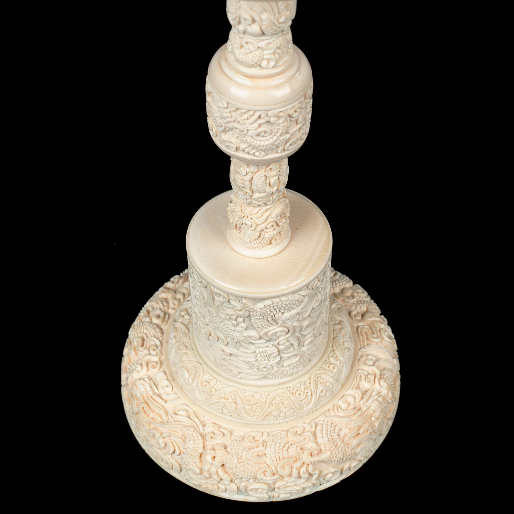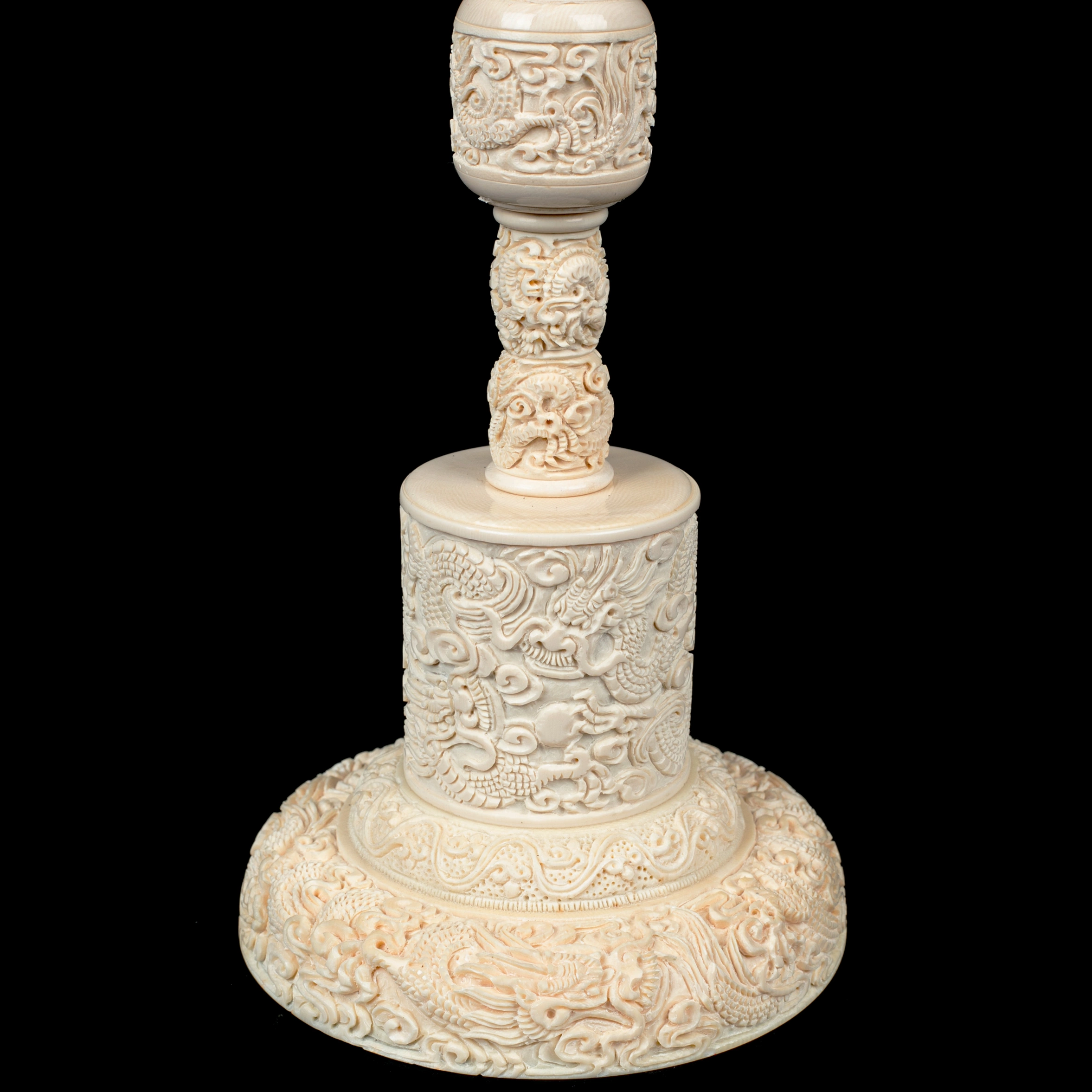 Композиция из бивня мамонта с кантонским шаром "Дракон и феникс"
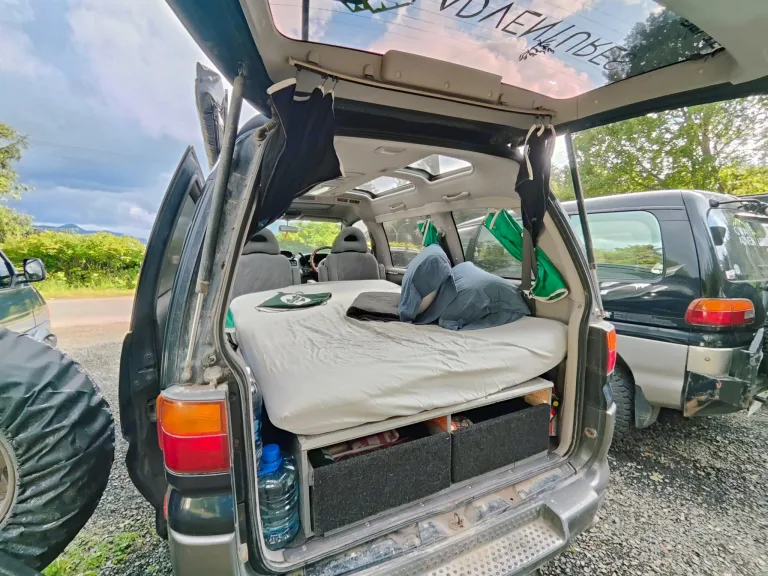 Meet Daisy – Your Island-Ready Adventure Van! Right Hand Drive- Diesel Power!Fully equipped for your journey — just bring your sleeping bags!Key Features- Seats up to 4 passengers- Sleeps 2 inside the van- Flexible interior for gear, luggage, or camping supplies- 4x4 – ideal for Haida Gwaii’s paved and dirt roads
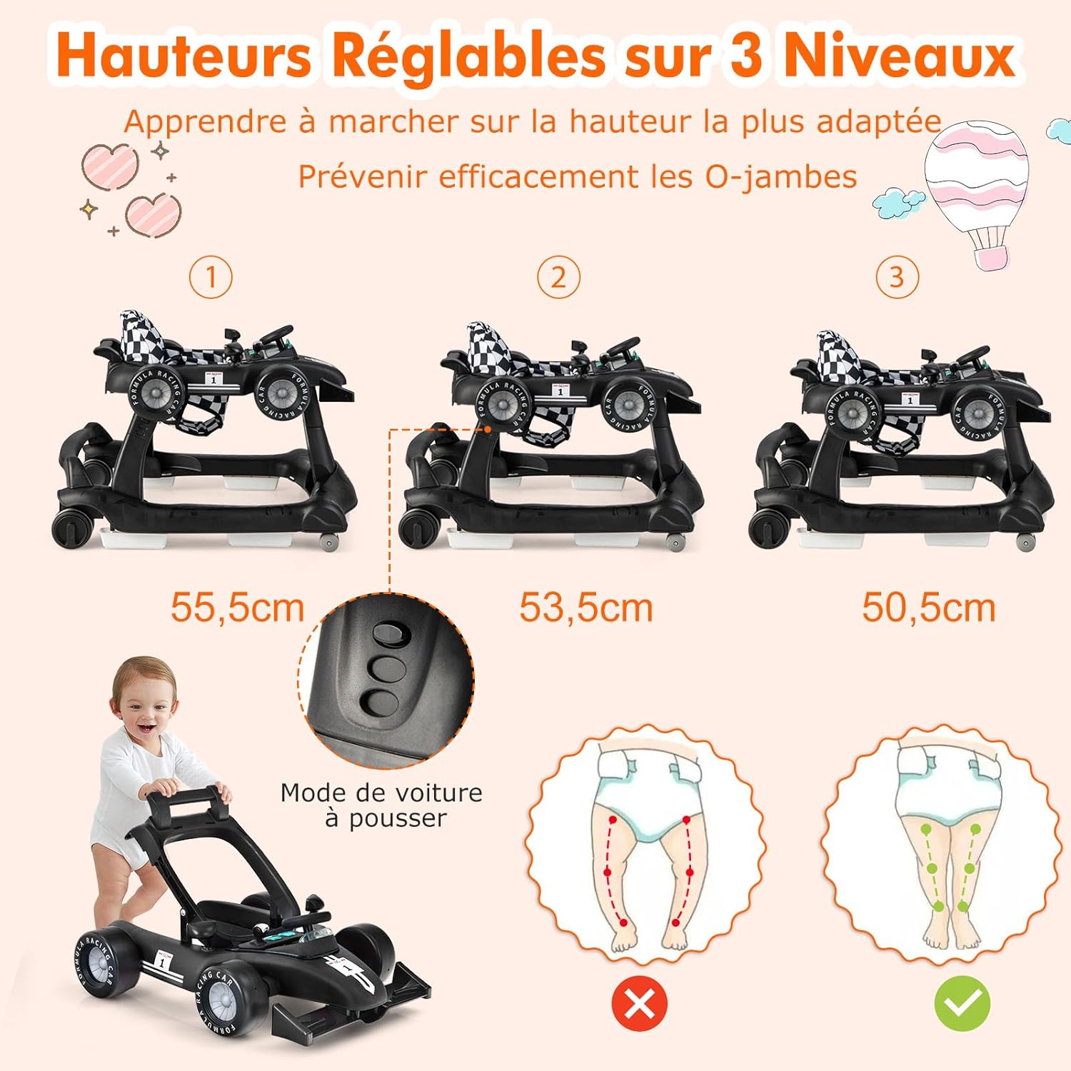 • Hauteur réglable & Design Pliable : La hauteur du trotteur marche bebe peut être réglée sur 3 positions (50,5-53,5 cm) par bouton-poussoir (hauteur du fond du coussin par rapport au sol : 20/22/24 cm). En plus, le trotteur pliable est facile à ranger et économise de l'espace.
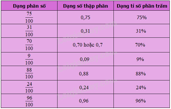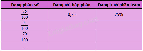Một bạn ghi ở cột đầu một phân số có mẫu số là 100 (ví dụ : \(\dfrac{{75}}{{100}}\)), bạn thứ hai viết số thập phân (0,75) ở cột 2, bạn thứ ba viết số đó dưới dạng tỉ số phần trăm ở cột 3 (75%). Các bạn có thể đổi vai cho nhau để chơi.
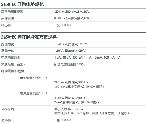 2450-EC 包括各種電壓或電流,用于源極或測量; nV /
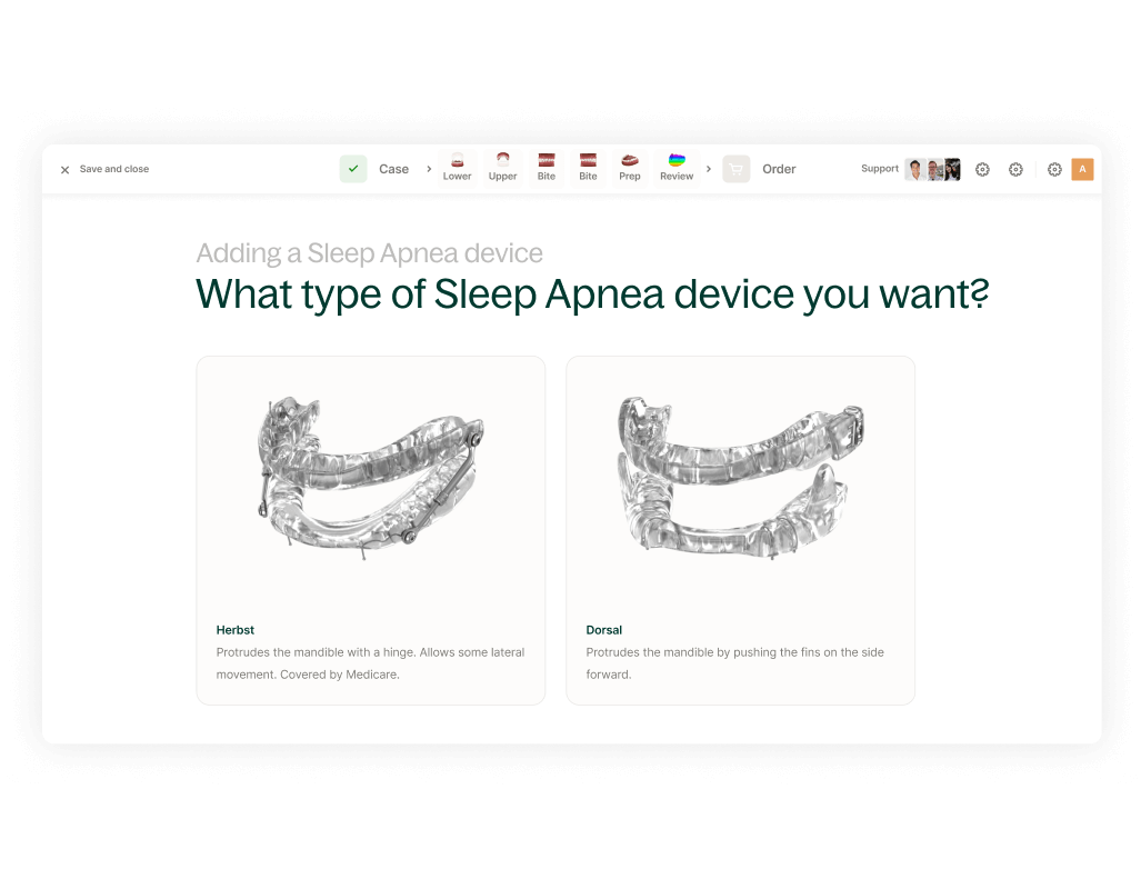 Dandy offers Herbst and Dorsal appliances as solutions for treating sleep apnea.
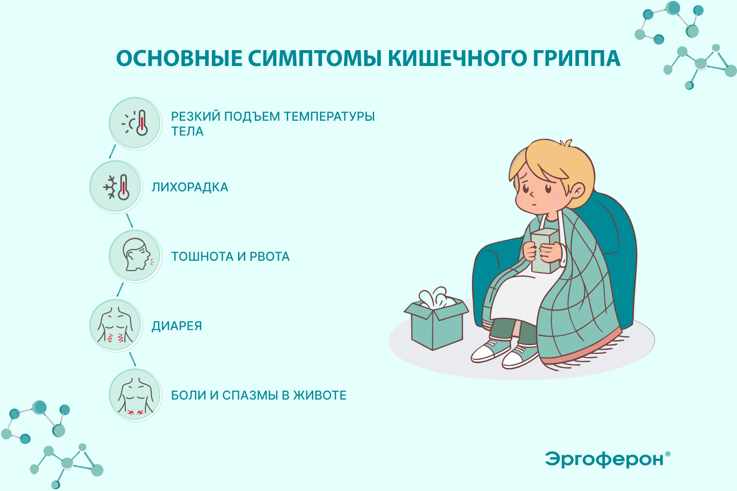 Кишечный грипп — народное название ротавирусной инфекции (РВИ). Она представляет собой острое вирусное заболевание, поражающее желудочно-кишечный тракт (ЖКТ). Эта болезнь проявляется такими симптомами, как рвота, диарея, боли в животе и повышение температуры тела. Несмотря на название, РВИ не имеет ничего общего с такой острой респираторной вирусной инфекцией, как грипп1.

☆ ☆ ☆ ☆ ☆ ☆ ☆

■ WHAT TO WORK ON ■
Up to and including the line with "Meet Daisy –", copy the data above from its first line. Skip pictures.

■ OUTPUT OF THE TASK ■
 Композиция из бивня мамонта с кантонским шаром "Дракон и феникс"
 Meet Daisy – Your Island-Ready Adventure Van! Right Hand Drive- Diesel Power!Fully equipped for your journey — just bring your sleeping bags!Key Features- Seats up to 4 passengers- Sleeps 2 inside the van- Flexible interior for gear, luggage, or camping supplies- 4x4 – ideal for Haida Gwaii’s paved and dirt roads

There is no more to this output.